Sounds good. And then my last question would be about business development. Are you increasing your efforts to find a partner when you have this data, with this data starting to mature.

There are 2 answers to that question. The short answer is yes. And the slightly longer answer is clearly sort of -- I mean we've had sort of efforts ongoing or sort of -- we continue to speak with and it's been super clear that sort of -- let's start to generate clinical data in that second-line space. Now that we are, and this is an open-label study, and we can follow the maturing of the data kind of continuously that clearly opens the door for engaging sort of in more detailed discussions. So yes, it's definitely -- I mean, that's the other exciting part about sort of generating the data is that it does open the door for discussions because that's what a potential partner wants to see.

[Operator Instructions]. There are no more questions at this time. So I hand the conference back to the speakers for any closing comments.
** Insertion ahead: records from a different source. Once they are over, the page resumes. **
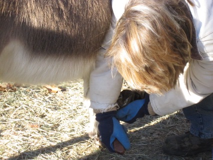 | Once Penny snips off the over growth with her snips, she has to file it flat so my hoof is even! She has a big file to do this! | .JPG) |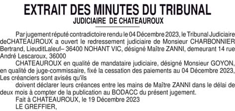 TRIBUNAL JUDICIAIRE DE CHATEAUROUX - Indre (36)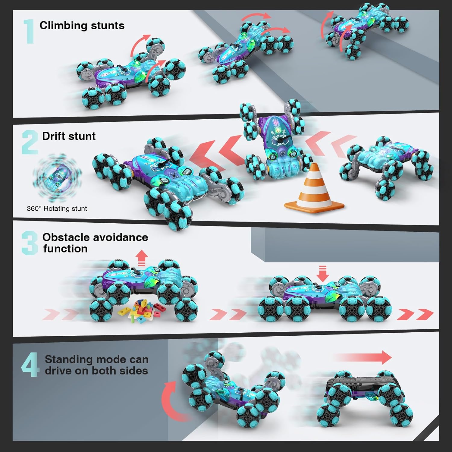 - 8WD Gesture Sensing RC Car: Experience awesome stunt with Paaxido 8WD RC car, 360° rotation, circle, drift, crawl, and double-sided driving, equipped with 4 pairs of swinging arms which allows elude the obstacle and climb stairs with ease
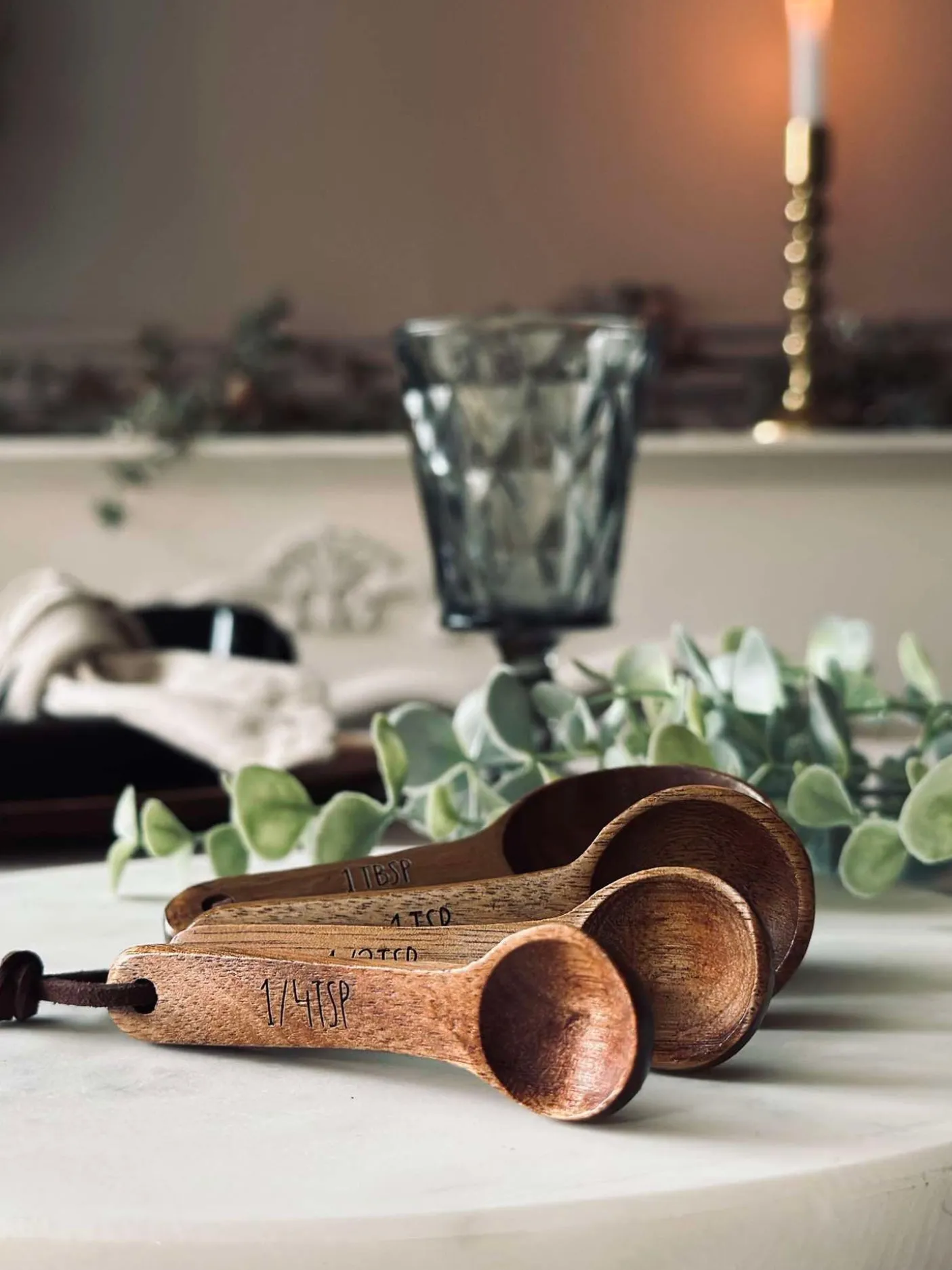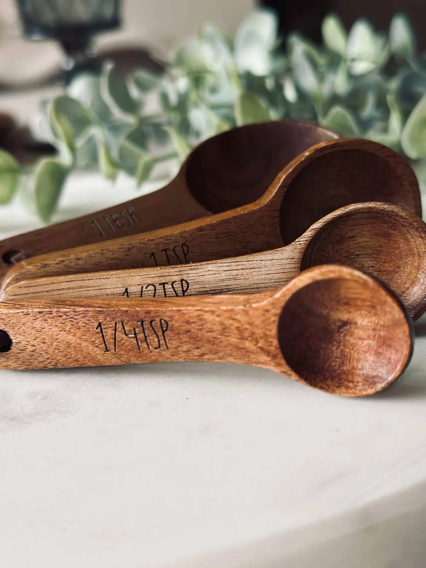 Måleskeer i akacietræ.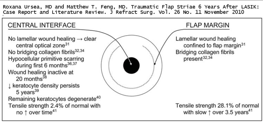 "Кроме того, если прозрачность интерфейса [LASIK] указывает на отсутствие заживления раны, можно ожидать, что интерфейс остается потенциальным пространством и адгезия лоскута нарушается в течение всего срока службы лоскута ."(Урсея и Фенг, 2009)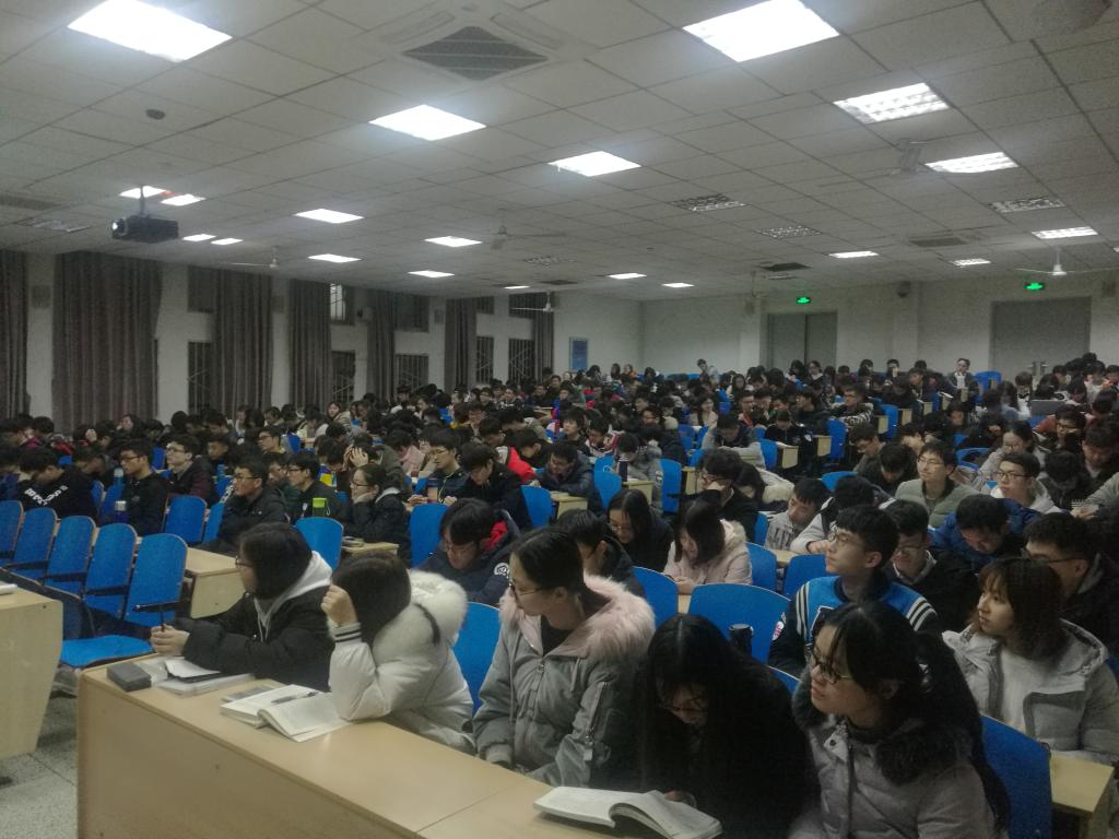 首先进行的是年级大会,辅导员段政依次介绍了当前同学们需完成的各项事务,并就年级员工会人员的调整做了说明。随后将上学期各班的学习情况进行梳理和分析,最后通报了本学期年级打算开展的各类活动,并为同学们的学习生活提出了一些建议。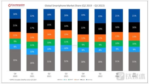 近日,數據調研機構 Counterpoint 發布了 2022 年第三季度全球智能手機銷量統計數據。其中 2022 年全球智能手機市場出貨量為 3.01 億臺,同比下降了 12%,考慮到新品發售季和傳統促銷季疊加的效應,環比提升2% 顯然無法達到外接預期。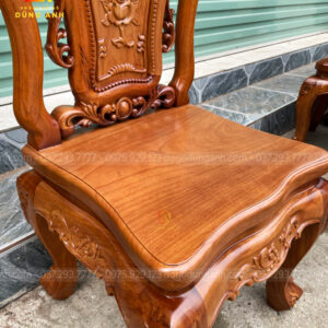 - Chiếc ghế sở hữu mặt yếm được đục vô cùng sắc nét với kích thước là dày 3 cm chân ghế vuông vô cùng chắc chắn với kích thước là 8 cm đảm bảo là có thể chịu được sức nặng vô cùng tốt và bền bỉ theo thời gian , bên cạch đó thì chân ghế cũng được đục vô cùng tinh tế sắc sảo ‘

And we will, in addition to leaving you with sort of the -- the -- so the excitement that we have hopefully been able to convey regarding sort of where we are with the program and what we see looking forward with some upcoming activities going forward. We will have a number of presentations at sort of health care conferences in the coming sort of few weeks and a month. We will also be sharing some non-clinical data at the ILCA Congress in Amsterdam on September 7 through 9. So we'll share a bit more detail about that later. But perhaps the most importantly, what we're also planning to do on the back of sort of encouraging sort of data we're seeing and as we are planning ahead, we are sort of planning to host an expert perspectives webcast together with KOL experts in our Scientific Advisory Council. On the sort of current unmet medical need and the future treatment landscape in terms of the importance of liver targeted sort of treatment in the field of HCC, that we're planning to hold. The current planning assumption is that we'll hold it at the webcast at the ILCA Congress and sort of broadcast is -- that for everyone to attend wherever they are in the world. But we do have accounts sort of gathered at the Congress for other activities. So we will look to take advantage of that and maybe hold an hour session or so. But more details on that, exactly when it happens and log-in details, we will, of course, communicate in advance before that. So with that, thank you all for dialing in and logging in on a Friday afternoon, and hopefully, you share our excitement about where we are and where we're moving to. And with that, thank you, and have a great weekend.